* What you have to do:
Reproduce the entries that follow exactly. No picture should appear in the result.

(Stored data)
== Segment start ==
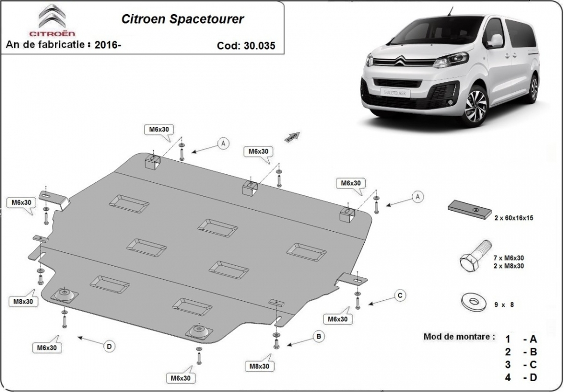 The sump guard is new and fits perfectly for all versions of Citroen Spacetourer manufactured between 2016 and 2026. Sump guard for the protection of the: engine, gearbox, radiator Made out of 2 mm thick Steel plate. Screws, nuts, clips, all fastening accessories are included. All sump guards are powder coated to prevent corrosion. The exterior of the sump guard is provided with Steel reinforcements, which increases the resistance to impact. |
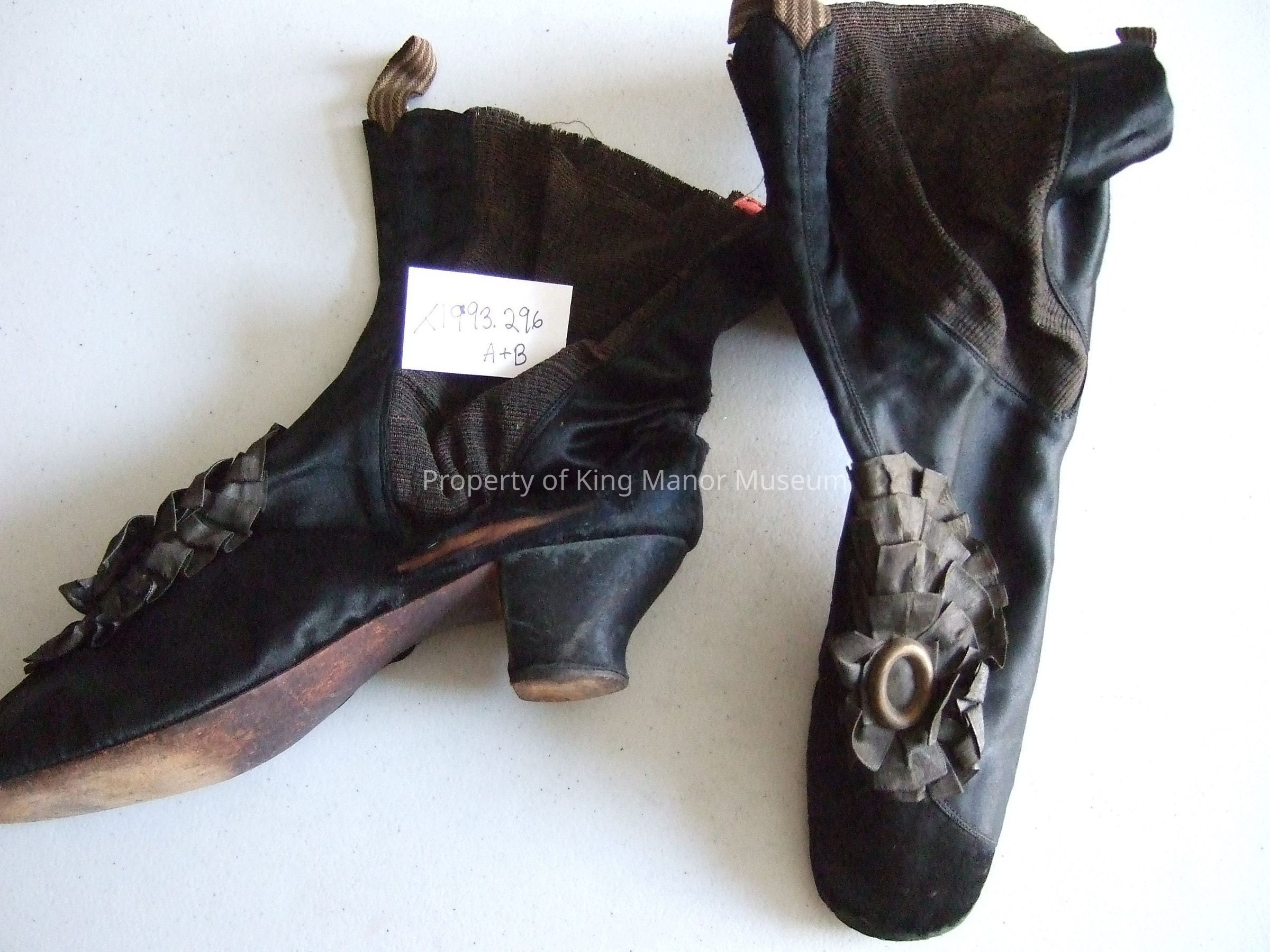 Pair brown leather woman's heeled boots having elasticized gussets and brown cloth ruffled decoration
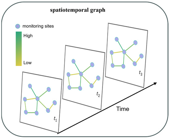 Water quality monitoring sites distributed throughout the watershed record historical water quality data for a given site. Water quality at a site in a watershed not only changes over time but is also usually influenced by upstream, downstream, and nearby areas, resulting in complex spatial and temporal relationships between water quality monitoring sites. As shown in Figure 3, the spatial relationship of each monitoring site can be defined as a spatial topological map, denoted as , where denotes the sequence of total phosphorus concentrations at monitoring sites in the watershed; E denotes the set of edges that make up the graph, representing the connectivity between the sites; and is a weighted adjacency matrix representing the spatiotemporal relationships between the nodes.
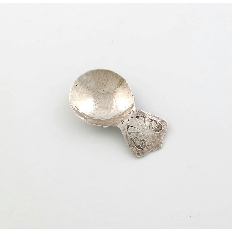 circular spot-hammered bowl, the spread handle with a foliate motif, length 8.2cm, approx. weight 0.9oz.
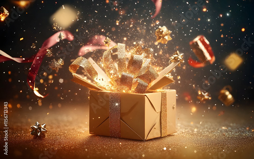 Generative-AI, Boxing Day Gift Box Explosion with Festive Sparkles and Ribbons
== Segment end ==
* Solution:
 The sump guard is new and fits perfectly for all versions of Citroen Spacetourer manufactured between 2016 and 2026. Sump guard for the protection of the: engine, gearbox, radiator Made out of 2 mm thick Steel plate. Screws, nuts, clips, all fastening accessories are included. All sump guards are powder coated to prevent corrosion. The exterior of the sump guard is provided with Steel reinforcements, which increases the resistance to impact. |
 Pair brown leather woman's heeled boots having elasticized gussets and brown cloth ruffled decoration
 Water quality monitoring sites distributed throughout the watershed record historical water quality data for a given site. Water quality at a site in a watershed not only changes over time but is also usually influenced by upstream, downstream, and nearby areas, resulting in complex spatial and temporal relationships between water quality monitoring sites. As shown in Figure 3, the spatial relationship of each monitoring site can be defined as a spatial topological map, denoted as , where denotes the sequence of total phosphorus concentrations at monitoring sites in the watershed; E denotes the set of edges that make up the graph, representing the connectivity between the sites; and is a weighted adjacency matrix representing the spatiotemporal relationships between the nodes.
 circular spot-hammered bowl, the spread handle with a foliate motif, length 8.2cm, approx. weight 0.9oz.
 Generative-AI, Boxing Day Gift Box Explosion with Festive Sparkles and Ribbons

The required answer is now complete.